> _Directions_:
Please give again exactly the lines from the top of the material through the line with "持续未破位的阻力位 ,阻力价格82.08,可信任强度85.22%,其距离最后价格80.75相差 +1.65%"; omit each picture.

> _Dataset section_:
________

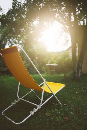 Empty yellow fabric chair in summer garden, resting and relaxing concept, nobody
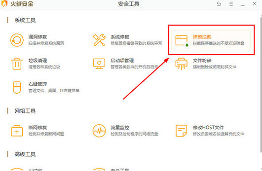 2、进入安全工具的界面内,在系统工具中点击“弹窗拦截”功能,此拦截程序就是今天所说的主角,它可以帮助用户拦截推送不受欢迎的弹窗,如下图所示:
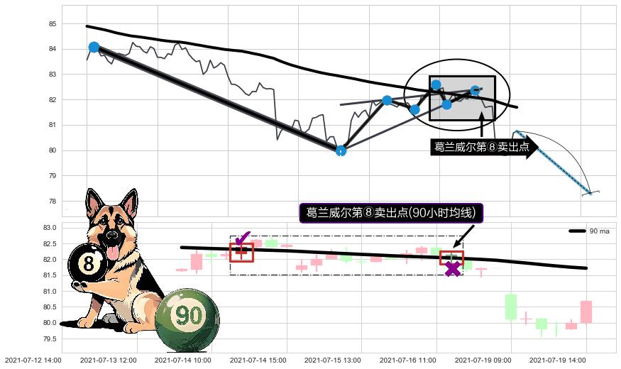 ♘ 在最后的下跌阶段2021-06-16 09:00至2021-07-19 15:00,存在 持续未破位的阻力位 ,阻力价格82.08,可信任强度85.22%,其距离最后价格80.75相差 +1.65%
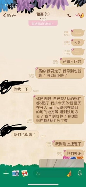 原PO接著說,又過了1個小時,5點鐘仍不見朋友蹤影,只看到對方一直傳LINE說到誠品了,接著就已讀不回,只好在捷運出口等她們,20多分鐘過了一樣沒看到人,和她們說「我要走了」,對方竟然還有臉回「等我一下,我們也都來了」,讓她爆氣的喊,「真的火都上來了,我知道今天雨突然下很大,但我等2個半小時了。」

________

> _Task answer_:
 Empty yellow fabric chair in summer garden, resting and relaxing concept, nobody
 2、进入安全工具的界面内,在系统工具中点击“弹窗拦截”功能,此拦截程序就是今天所说的主角,它可以帮助用户拦截推送不受欢迎的弹窗,如下图所示:
 ♘ 在最后的下跌阶段2021-06-16 09:00至2021-07-19 15:00,存在 持续未破位的阻力位 ,阻力价格82.08,可信任强度85.22%,其距离最后价格80.75相差 +1.65%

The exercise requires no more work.